Multi-dimensional fancy indexing in NumPy - Time & Space Complexity
We want to understand how the time needed to pick elements from a multi-dimensional array changes as the array grows.
Specifically, how does fancy indexing with multiple index arrays affect the work done?
Analyze the time complexity of the following code snippet.
import numpy as np
arr = np.arange(10000).reshape(100, 100)
rows = np.array([1, 3, 5, 7])
cols = np.array([2, 4, 6, 8])
result = arr[rows[:, None], cols]
This code selects elements from a 2D array using two index arrays for rows and columns, creating a new array of selected elements.
Identify the loops, recursion, array traversals that repeat.

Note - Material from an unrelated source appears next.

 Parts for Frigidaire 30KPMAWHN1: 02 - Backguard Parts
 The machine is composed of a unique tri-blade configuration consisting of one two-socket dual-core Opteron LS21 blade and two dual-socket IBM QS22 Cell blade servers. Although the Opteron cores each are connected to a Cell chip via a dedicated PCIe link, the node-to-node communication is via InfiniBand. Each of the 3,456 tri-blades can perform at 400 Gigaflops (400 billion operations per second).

- Primary operation: Accessing elements for each pair of row and column indices.
- How many times: For each row index, it accesses all column indices, so total accesses = number of rows in index array x number of columns in index array.

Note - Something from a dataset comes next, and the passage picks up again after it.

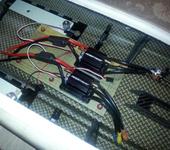 За выходные немного поработал, много точильно-пильных манипуляций как результат, стало вырисовываться внутренняя компоновка, полностью установлена моторама, задняя поддержка и усилитель в передней части корпуса, сделал индивидуальные “седла” под регуляторы с местом для конденсаторов, сидят плотненько снизу еще липучку проложу. Остальное на фото что-то на ЦА-клее, что то просто положил для “вида”😃

As the size of the index arrays grows, the number of element accesses grows by multiplying their lengths.
| Input Size (rows x cols) | Approx. Operations |
|---|---|
| 10 x 10 | 100 |
| 100 x 100 | 10,000 |
| 1000 x 1000 | 1,000,000 |
Pattern observation: The operations grow by multiplying the sizes of the row and column index arrays, so doubling both quadruples the work.
Time Complexity: O(r * c)
This means the time grows proportionally to the product of the lengths of the row and column index arrays.
[X] Wrong: "The time depends only on the size of the original array, not on the index arrays."
[OK] Correct: The original array size does not affect how many elements are picked; the work depends on how many indices we use to select elements.
Understanding how fancy indexing scales helps you reason about data selection performance in real projects, making your code efficient and clear.
"What if we used a single 1D index array instead of two 1D arrays for rows and columns? How would the time complexity change?"